C'est en 2009 que la chercheuse Isabelle Jonveaux a soutenu sa thèse de sociologie, élaborée sous la direction de Danièle Hervieu-Léger. Deux ans plus tard, cette thèse est publiée sous le titre "Le Monastère au travail" aux éditions Bayard. Il s'agit d'une somme plutôt imposante, qui fait le point sur un aspect peu exploré de la vie monastique: son rapport à l'économie et au travail. Son auteure propose donc à son lectorat de découvrir ce qui se passe derrière "la boutique du monastère" - et cette exploration s'avère neuve, ample et fouillée, portée par un style agréable à lire.
Pour faire le tour de son sujet, l'auteure recourt aux méthodes les plus diverses. Elle exploite une vaste bibliographie où se côtoient entre autres Danièle Hervieu-Léger, Thorstein Veblen, Pierre Bourdieu, Gilles Lipovetski ou Luc Boltanski. Son travail se fonde également sur la visite à des monastères, ce qui implique des entretiens. Une limite? Les monastères de moines se sont avérés plus ouverts aux travail de la sociologue que les monastères de moniales, ce que l'auteure relève justement en imputant cette réticence à une image négative de la sociologie, au moins autant qu'à la plus grande sévérité de la règle pour les moniales. L'image des soeurs apparaît donc un peu moins nette au fil des pages.
Ces visites à des monastères de France, d'Allemagne, d'Italie et de Belgique ont été l'occasion d'entretiens et d'observations, qui ont débouché sur d'intéressantes analyses, comparatives entre autres. Grâce aux illustrations, celles-ci prennent un aspect des plus concrets pour le lecteur. Enfin, l'aspect historique et la réflexion ne sont pas oubliés: comment résoudre ce paradoxe qui veut qu'une vie de prière doive s'accommoder de travaux? Et qu'un monastère ne peut se passer d'argent, en dépit de son objectif avoué d'autarcie, ne serait-ce que pour payer les cotistaions sociales et les travaux que le bâtiment du monastère requiert? Les réponses varient, aussi en fonction de l'histoire très différente des quatre pays considérés.
Face à l'économie, trois grandes lignes se dégagent chez les moines: nier l'intégration, l'externaliser en confiant à des laïcs les aspects de travail et de production de biens du monastère, ou accepter le versant économique du métier de moine en lui conférant une valeur en phase avec la religion catholique. Ce qui débouche sur la mise au jour d'un certain nombre de considérations managériales: incités à faire leur travail le plus rapidement possible, afin de pouvoir consacrer un maximum de temps à la prière, les moines ont développé un sens aigu de l'organisation. Se pose également la question de la présence des laïcs au travail, et le risque de dénaturation de la production que cela peut impliquer: l'auteure identifie les valeurs que les produits des moines doivent véhiculer (authenticité, tradition, proximité de la nature); elle relève aussi ce qui fait qu'un client achètera tel ou tel bien à la boutique du monastère, malgré un prix qui peut paraître plus élevé. Elle pointe aussi quelques dérives, tels des objets religieux "made in China".

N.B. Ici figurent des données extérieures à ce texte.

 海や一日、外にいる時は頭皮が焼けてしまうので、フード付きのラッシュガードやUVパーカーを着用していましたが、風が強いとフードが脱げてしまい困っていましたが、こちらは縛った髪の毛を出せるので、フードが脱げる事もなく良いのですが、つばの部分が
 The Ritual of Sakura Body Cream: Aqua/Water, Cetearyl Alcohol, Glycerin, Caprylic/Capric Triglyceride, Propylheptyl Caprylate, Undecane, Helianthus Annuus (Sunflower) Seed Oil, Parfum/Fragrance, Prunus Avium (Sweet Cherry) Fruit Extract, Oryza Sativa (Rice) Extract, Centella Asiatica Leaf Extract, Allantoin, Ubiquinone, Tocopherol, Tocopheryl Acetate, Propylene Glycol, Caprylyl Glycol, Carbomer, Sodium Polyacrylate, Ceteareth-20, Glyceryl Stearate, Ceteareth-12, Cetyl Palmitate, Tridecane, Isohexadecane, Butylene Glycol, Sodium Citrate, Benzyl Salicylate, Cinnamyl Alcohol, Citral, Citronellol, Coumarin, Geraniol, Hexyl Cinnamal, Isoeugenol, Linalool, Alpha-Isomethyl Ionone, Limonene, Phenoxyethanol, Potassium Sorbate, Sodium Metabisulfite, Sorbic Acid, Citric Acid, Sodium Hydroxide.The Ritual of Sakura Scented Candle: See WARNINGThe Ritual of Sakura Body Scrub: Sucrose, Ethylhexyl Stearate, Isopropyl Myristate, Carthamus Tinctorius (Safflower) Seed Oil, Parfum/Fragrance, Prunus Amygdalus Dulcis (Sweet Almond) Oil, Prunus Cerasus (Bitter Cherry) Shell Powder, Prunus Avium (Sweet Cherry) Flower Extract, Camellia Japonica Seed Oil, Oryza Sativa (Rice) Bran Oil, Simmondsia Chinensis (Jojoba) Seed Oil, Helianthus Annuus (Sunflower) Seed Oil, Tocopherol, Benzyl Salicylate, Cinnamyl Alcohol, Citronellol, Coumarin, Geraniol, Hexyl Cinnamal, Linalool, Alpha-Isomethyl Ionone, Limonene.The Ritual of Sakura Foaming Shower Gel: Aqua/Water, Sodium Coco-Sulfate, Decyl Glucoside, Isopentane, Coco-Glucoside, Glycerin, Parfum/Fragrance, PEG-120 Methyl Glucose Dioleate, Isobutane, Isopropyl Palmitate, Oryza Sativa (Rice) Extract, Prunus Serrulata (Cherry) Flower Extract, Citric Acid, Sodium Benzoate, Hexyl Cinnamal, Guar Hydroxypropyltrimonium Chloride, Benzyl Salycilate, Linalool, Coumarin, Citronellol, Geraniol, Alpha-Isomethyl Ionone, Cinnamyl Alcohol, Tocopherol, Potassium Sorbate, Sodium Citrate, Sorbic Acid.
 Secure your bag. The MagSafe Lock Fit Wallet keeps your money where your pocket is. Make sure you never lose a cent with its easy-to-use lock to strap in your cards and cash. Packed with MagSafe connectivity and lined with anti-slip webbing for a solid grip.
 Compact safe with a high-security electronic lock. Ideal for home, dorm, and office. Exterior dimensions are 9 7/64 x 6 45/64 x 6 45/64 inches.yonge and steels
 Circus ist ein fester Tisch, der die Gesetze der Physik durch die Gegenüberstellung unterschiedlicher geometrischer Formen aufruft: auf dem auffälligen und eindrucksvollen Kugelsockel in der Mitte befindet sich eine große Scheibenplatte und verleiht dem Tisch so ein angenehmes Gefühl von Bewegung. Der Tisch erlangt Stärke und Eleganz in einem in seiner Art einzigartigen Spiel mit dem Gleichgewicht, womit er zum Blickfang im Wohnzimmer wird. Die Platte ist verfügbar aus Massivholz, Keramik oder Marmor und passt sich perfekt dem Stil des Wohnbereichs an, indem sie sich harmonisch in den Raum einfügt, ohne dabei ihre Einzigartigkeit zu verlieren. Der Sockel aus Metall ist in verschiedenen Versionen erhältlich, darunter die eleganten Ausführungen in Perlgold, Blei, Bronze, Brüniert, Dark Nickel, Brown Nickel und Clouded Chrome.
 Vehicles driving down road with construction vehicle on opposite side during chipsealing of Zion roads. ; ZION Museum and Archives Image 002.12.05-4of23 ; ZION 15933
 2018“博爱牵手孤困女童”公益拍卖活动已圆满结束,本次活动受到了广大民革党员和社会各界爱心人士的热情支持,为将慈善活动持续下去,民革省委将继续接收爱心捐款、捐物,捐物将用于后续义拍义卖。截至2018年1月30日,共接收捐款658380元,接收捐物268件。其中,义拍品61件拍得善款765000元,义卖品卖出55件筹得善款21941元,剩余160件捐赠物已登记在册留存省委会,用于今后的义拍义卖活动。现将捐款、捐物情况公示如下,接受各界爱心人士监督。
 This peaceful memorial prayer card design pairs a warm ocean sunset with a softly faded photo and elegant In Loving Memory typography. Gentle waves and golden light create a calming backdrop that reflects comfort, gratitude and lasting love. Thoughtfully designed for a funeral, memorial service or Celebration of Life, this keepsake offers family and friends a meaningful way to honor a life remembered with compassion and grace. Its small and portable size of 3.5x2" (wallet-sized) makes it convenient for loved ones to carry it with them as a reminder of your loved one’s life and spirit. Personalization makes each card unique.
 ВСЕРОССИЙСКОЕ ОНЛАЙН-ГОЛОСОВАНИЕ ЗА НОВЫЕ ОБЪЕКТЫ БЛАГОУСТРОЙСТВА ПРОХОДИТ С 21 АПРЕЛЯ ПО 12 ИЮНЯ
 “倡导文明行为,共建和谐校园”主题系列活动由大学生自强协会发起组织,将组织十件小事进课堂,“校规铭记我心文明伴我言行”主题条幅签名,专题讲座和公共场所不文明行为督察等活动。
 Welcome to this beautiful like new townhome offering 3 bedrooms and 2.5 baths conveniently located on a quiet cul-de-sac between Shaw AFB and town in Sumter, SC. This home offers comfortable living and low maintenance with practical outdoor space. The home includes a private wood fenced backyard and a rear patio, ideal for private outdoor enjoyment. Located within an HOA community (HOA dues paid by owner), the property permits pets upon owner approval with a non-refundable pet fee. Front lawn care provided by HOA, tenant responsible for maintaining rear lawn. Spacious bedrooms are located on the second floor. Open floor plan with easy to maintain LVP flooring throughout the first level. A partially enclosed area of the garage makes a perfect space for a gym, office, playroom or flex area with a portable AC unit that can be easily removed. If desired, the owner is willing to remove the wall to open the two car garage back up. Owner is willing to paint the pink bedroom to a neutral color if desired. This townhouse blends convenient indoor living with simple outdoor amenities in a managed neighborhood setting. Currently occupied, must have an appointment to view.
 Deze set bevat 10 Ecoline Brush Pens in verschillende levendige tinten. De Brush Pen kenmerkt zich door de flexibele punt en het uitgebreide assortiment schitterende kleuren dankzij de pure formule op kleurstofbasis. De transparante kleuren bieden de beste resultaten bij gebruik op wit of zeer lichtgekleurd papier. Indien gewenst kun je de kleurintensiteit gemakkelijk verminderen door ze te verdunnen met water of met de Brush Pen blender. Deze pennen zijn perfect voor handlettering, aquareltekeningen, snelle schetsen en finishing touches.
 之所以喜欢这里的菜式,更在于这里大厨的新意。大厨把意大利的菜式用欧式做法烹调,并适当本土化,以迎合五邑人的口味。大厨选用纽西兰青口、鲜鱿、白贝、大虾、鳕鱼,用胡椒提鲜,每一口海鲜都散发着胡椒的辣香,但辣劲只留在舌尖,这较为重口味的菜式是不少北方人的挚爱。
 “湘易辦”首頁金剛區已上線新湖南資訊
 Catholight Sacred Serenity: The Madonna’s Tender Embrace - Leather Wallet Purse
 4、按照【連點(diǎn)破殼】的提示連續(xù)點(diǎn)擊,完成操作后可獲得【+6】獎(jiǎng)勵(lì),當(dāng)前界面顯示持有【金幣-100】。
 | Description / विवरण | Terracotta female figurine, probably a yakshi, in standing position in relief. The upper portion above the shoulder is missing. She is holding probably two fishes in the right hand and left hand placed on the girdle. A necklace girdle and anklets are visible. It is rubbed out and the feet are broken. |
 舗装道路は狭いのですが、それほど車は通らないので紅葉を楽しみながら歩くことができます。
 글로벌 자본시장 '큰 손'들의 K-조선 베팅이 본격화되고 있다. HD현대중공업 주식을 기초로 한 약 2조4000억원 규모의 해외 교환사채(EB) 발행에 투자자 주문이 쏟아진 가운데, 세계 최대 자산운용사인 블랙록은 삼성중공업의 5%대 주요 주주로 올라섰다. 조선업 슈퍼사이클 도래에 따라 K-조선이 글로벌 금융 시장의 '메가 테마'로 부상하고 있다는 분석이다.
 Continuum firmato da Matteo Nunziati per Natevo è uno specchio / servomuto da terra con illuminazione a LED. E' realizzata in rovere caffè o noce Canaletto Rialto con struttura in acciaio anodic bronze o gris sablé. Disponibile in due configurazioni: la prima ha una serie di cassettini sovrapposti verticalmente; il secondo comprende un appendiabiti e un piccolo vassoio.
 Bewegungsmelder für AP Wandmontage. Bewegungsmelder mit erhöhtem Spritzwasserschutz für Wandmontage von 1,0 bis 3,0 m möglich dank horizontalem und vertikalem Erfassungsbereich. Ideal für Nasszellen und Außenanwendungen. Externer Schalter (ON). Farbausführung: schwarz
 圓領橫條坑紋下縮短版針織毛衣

Les contacts avec les laïcs ne sont pas oubliés. L'auteure livre entre autres un panorama des activités liées à l'hôtellerie, qu'elle soit d'inspiration totalement profane ou liée à une activité religieuse de la part de ceux qui logent au monastère. Ce contact avec les laïcs peut aussi passer par Internet: l'auteure considère que ce moyen de communication a été adopté par les moines, essentiellement ceux de sexe masculin (les moniales seraient plus méfiantes) - non sans restrictions bien sûr, afin d'éviter une intrusion trop forte du monde laïc virtuel dans l'univers clos du monastère. Quant au positionnement des produits des monastères, il fait l'objet d'une analyse aux allures d'étude de marketing. Le lecteur y découvrira quelques marques fameuses, en particulier de bières belges, trappistes, d'abbaye ou profanes mais récupérant sans vergogne l'imagerie monastique, jugée positive.
C'est que l'auteur, au terme de son ouvrage, relève l'image positive et sympathique du monde monastique auprès du grand public, qui fait contraste avec la relative désaffection dont souffre l'église institutionnelle, séculière. Cette image est véhiculée, certes, par l'image stéréotypée du moine bon vivant, éventuellement gros et jovial, qu'on voit sur certains produits, mais aussi parce que le monachisme paraît représenter un idéal immémorial de tradition et d'authenticité, à une époque qui en a fort besoin.
Isabelle Jonveaux, Le monastère au travail, Montrouge, Bayard, 2011.